▶ [EXERCISE]:
Write out, word for word and with no pictures, each line below from the one containing "Carico massimo 2500W2" through the one containing "可以求得A对应的3个特征值为", both included, and no other line.

---------- INFORMATION PROVIDED

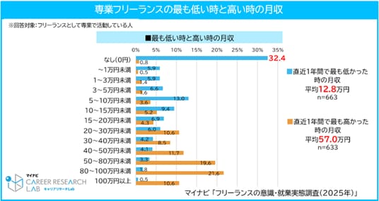 月収では、月ごとに大きな振れ幅があることがわかった。直近一年間で多い時の月収平均は57.0万円であるのに対し、少ない時の平均は12.8万円まで下がり、収入が0円だった月がある人も32.4%にのぼる。
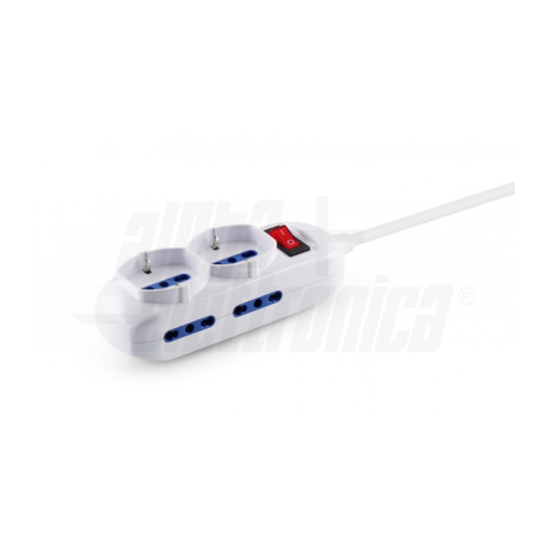 Carico massimo 2500W2 prese Universali e 4 bipasso 10-16ACon interruttore luminosoCavo 3 mtSpina 16A a 90°
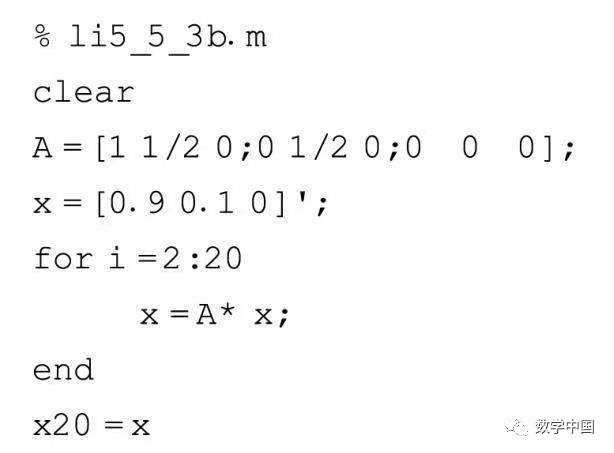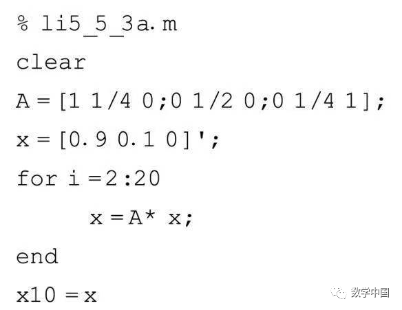 可以求得A对应的3个特征值为1,1,0.5,对应特征向量(1,0,0)′,(0,0,1)′,(-0.4082,0.8165,-0.4082)′。由于三个特征向量线性无关,从而A可相似对角化,即P-1AP=T。于是:An=PTnP-1
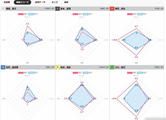 スポーツ報知を発行する報知新聞社が運営するボートレース専門サイト。今回の「ビーナスちゃんカップ」はもちろん、全レース場の全レースで「前日予想」、「直前予想」を展開しています。レース前の展示タイムなどを加味した「直前予想」を駆使すればボートビギナーでも簡単に予想ができます。各レースの「直前データ」をクリックすると、前日、展示(直前データ)両方の予想を「買い目」として提供しています。 ボートナビ報知の予想には、独自のデータを駆使した「報知スコープ」を採用。「エンジン」「選手」「コース」「展開」の4項目をそれぞれ5段階で評価。各項目とも様々なデータを基に計算式を設定。出走表確定の前日だけでなく、展示データ取得後のレース直前にも再度計算し、予想に役立つデータを提供します。全場全レースを無料で予想しています。ぜひ、ボートナビ報知をご活用ください!!

--------------------

▶ [SOLUTION FOR THIS EXERCISE]:
 Carico massimo 2500W2 prese Universali e 4 bipasso 10-16ACon interruttore luminosoCavo 3 mtSpina 16A a 90°
 可以求得A对应的3个特征值为1,1,0.5,对应特征向量(1,0,0)′,(0,0,1)′,(-0.4082,0.8165,-0.4082)′。由于三个特征向量线性无关,从而A可相似对角化,即P-1AP=T。于是:An=PTnP-1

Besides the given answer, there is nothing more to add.